Introducer
I saw the Jekyll Phoenix movie a while ago, and I was very curious about what the audience would say about it after watching the movie. After watching the Douban short review, I thought that python would extract the most words in the short review and make a word cloud to see what the key words left for the audience.
Grab data
at the beginning, we used requests to simulate data grabbing. It was found that users who log in to Douban need to have permission to view after turning the page of short comments to 20 pages. So we plan to use selenium to simulate browser action to automatically crawl down the data in the page, and then store it to a specific txt file. Because we have no intention to do other analysis, we do not plan to store it to a number. According to the library.
About selenium and chrome driver installation
the working principle of selenium, a popular automatic testing framework, and the corresponding version installation of selenium and chrome driver will not be described in detail. Students who are interested can refer to:
https://blog.csdn.net/weixin_43241295/article/details/83784692
Analyze the user login process of Douban login page
from the page, it seems that the process is to click the password in the navigation bar to log in, then enter the user name and password, and click the login button. As for the verification pictures that will appear when I look at some bean petal reptiles on the Internet, I haven't met them. I just log in directly, so I need to simulate the whole login process through selenium.

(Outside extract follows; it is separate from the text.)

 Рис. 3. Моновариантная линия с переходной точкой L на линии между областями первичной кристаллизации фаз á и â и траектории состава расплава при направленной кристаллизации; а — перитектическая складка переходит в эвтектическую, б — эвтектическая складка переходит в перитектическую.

from selenium import webdriver from selenium.webdriver.chrome.options import Options import time def crawldouban(): name = "Your user name" passw = "Your password" # Start chrome options = Options() options.add_argument('--headless') options.add_argument('--no-sandbox') browser = webdriver.Chrome(executable_path="/usr/bin/chromedriver", options=options) # Get login address browser.get("https://accounts.douban.com/passport/login") time.sleep(3) # Login automation process browser.find_element_by_class_name("account-tab-account").click() form = browser.find_element_by_class_name("account-tabcon-start") username = form.find_element_by_id("username") password = form.find_element_by_id("password") username.send_keys(name) password.send_keys(passw) browser.find_element_by_class_name("account-form-field-submit").click() time.sleep(3)
Get user comments
the next step is to get the comments on the page, and then store the comments in the specified text file (I will not simulate the whole process of querying the movie, then jump to the short comment), start directly from the address of the short comment page, click the next page, and then repeatedly extract the comments, and write them.

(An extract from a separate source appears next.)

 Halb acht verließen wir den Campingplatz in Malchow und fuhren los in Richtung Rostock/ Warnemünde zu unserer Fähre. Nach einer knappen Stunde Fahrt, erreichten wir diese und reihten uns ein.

browser.get("https://movie.douban.com/subject/27119724/comments?status=P") comments = browser.find_elements_by_class_name("short") WriteComment(comments) while True: link = browser.find_element_by_class_name("next") path = link.get_attribute('href') if not path: break # print(path) link.click() time.sleep(3) comments = browser.find_elements_by_class_name("short") WriteComment(comments) browser.quit() # Write comments to the specified text file def WriteComment(comments): with open("comments.txt", "a+") as f: for comment in comments: f.write(comment.text+" \n")
code parsing: there's nothing to say about the captured code. It's just to find the element whose classname is' short ', and get the text content and write it to the specified text file. There's a loop in it to judge whether there's another page. By getting the hyperlink of the next page, it can be proved that it's on the last page when it can't be obtained.
Data segmentation and word cloud generation
let's talk about the idea. My data processing here is relatively rough. Without the combination of pandas+numpy, I will simply cut the line breaks and form new data. Then I will use the jieba segmentation to segment the new data. Finally, I will read a local pause word file to get a pause word list. Generate word cloud to specify pause word, font file, background color, etc., and then save word cloud image to local.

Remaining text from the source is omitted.